Digital Assets and
Estate Planning in Canada
Digital assets are defined as:
social media accounts
accounts with retailers
online photo storage
More recently digital assets have also come to include NFTs (non-fungible tokens) and a growing number of cryptocurrencies.
Digital assets are an important part of your life and legacy planning. As such, they should be included in your EstateBox.
Learning about laws with respect to fiduciary access to digital assets is part of the learning journey as we get comfortable with digital assets in addition to other elements of the digital assets planning equation. We’ve brought technology into our homes, our lives and our legacy. So too do we need to bring digital lifestyle planning into our estate plans.

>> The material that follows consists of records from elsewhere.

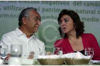 MERIDA, YUCATAN 12 FEBRERO2010.- La Gobernadora del estado Ivonne Ortega Pacheco junto con el dirigente nacional de la central obrera CROC, Isaías González Cuevas, durante la presentación del programa "Movimiento Nacional por un turismo verde". FOTO: HÉCTOR OSNAYA/CUARTOSCURO.COM
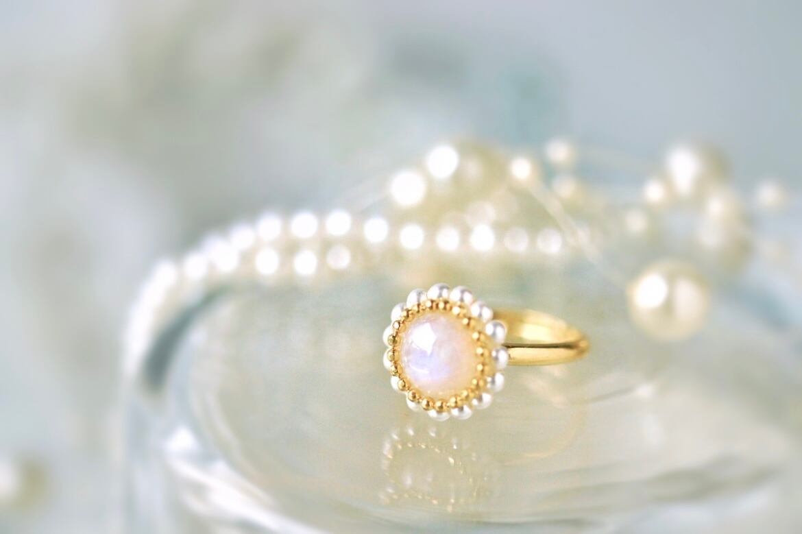 レインボームーンストーン・パールリング
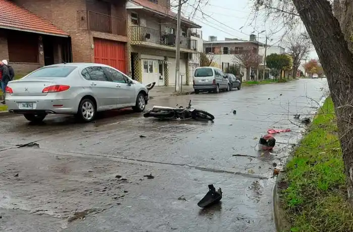 Por su parte, la moto quedó destrozada y sus partes esparcidas en medio de la calle, al igual que el casco de la conductora. Mientras que el auto sufrió daños en su parte delantera.
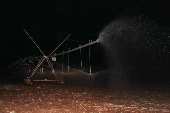 按时播种是前提,及时灌溉是保证。为克服白天无电的困扰,皖津公司利用夜晚有电之隙,能喷即喷。517日夜,随着马达声起,第一滴甘露喷洒入地,拉开了小麦喷灌序幕,修复后的喷灌机状态良好,旋转的龙头强劲有力,喷洒的雨露滋润人心。
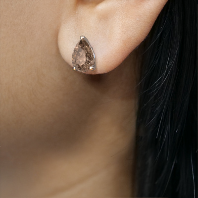 Solitaire stud earrings are both a traditional and a trendy piece of jewellery. Solitaire stud earrings have an open prong setting, therefore, light reflects beautifully on the gemstones. Because the brown diamonds are set high, these traditional stud earrings are a stunning eye-catcher. We will create your solitaire stud earrings by hand with the utmost care in our DiamondsByMe studio. For maximum shine, our goldsmith sets the brown diamonds in the platinum stud earrings with great care. These solitaire stud earrings are set with pear brown diamond of 0.65 crt. De Sam PER earrings are passionately made by one of our master goldsmiths.. What could possibly be more beautiful than personally designed traditional stud earrings, handmade by yours truly? Please, feel free to customize each model by choosing different precious metals and gemstones. This makes your stud earrings truly unique. These stud earrings can be customized to your liking. It goes without saying that you can also ask us for help. We are more than willing to assist in designing your traditional stud earrings. If you like but still have specific wishes concerning customizing your design, such as adding a gemstone which isn't mentioned in the list, feel free to contact us. We will gladly inform you on different options.By using a combination of the latest modern techniques, combined with ancient crafting, we can make all our stud earrings in our own studio. Each jewel is made to order. This is advantageous because we can offer you a price you won't find anywhere else. To make it easier for you, we offer a 30 day return policy. Check our terms and conditions.
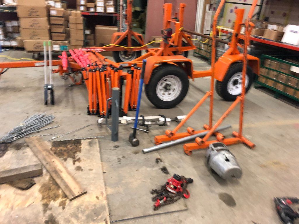 Cable reel trailer. 10K Auto Locking Cable Reel Trailer, Built with safety in mind, our auto locking reel trailers latch and clamp the bar simply by applying hydraulic pressure with the pumps. These cable & duct reel trailers are perfect for transporting conduit, inner duct and all types of reel mounted material. Overhead Cable Guide Removable overhead guide for use in paying out wire from multiple reels Stainless steel and bronze couplers with easy removable pins and mounting Mounts to receivers provided with trailer Specify (1) per reel station Gallery home Phone (630) 10 North Sauber Road Virgil, IL.
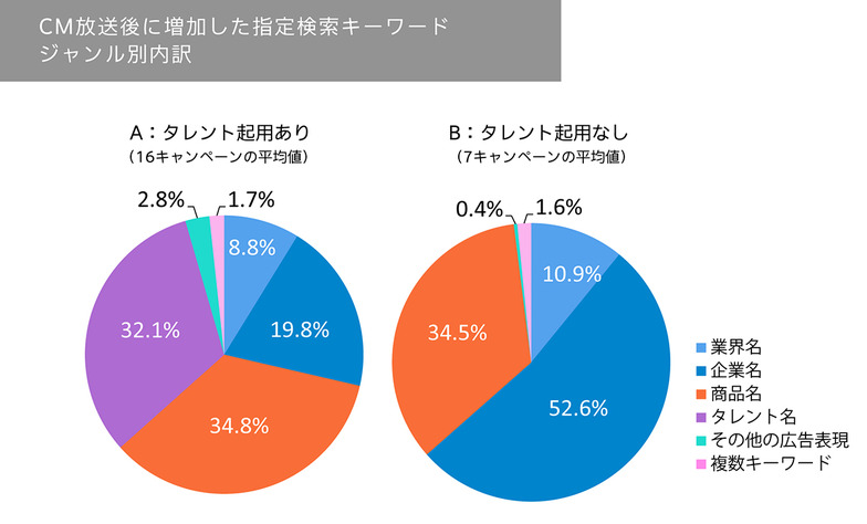 For Campaign A, product names and celebrity names each accounted for over 30% of the search increase. For Campaign B, company names accounted for over half, followed by product names. In both cases, single keywords accounted for over 90% of the search increase. This indicates that searches combining multiple keywords were very rare among the search increases following TV commercial airings.

With the notable exceptions of Alberta and Saskatchewan, current privacy legislation does not allow for executors, trustees, or administrators of estates to access digital assets in an efficient manner.
Currently, British Columbia, Manitoba, New Brunswick, Newfoundland and Labrador, Northwest Territories, Nova Scotia, Nunavut, Ontario, Prince Edward Island, Québec, and the Yukon make it challenging for executors, trustees, or administrators to access the digital assets of a deceased individual. In these provinces and territories, there is no specific legislation granting access to digital assets by executors, trustees, or administrators unless that information has explicitly been provided by the deceased within their will.
In Alberta, the legislation was updated to clarify the authority of a trustee when administering an estate. That authority now extends to digital assets. This means that digital assets are intended to be included within the scope of estate assets that a trustee is authorized to administer.
Saskatchewan is the only province in Canada to enact legislation related to digital assets and estate planning based on the Uniform Law Conference of Canada. The Act creates a default rule that a Fiduciary (as named in your will or power of attorney) is able to access the digital devices of the respective individual which they are in the Fiduciary relationship with.
This default rule can be changed by the terms of a will of the deceased; letters of administration; a guardianship order; a power of attorney; a trust; or by court order. The Act creates a default rule that a Fiduciary will have access to any personal property that has the capability of storing digital assets, subject to the intentions provided in a will, power of attorney, or trust. This would include, for example, a computer, cellphone, tablet or external hard drive. Saskatchewan provides the most efficient way to access the digital devices of a deceased individual which can make it easier to access the digital assets.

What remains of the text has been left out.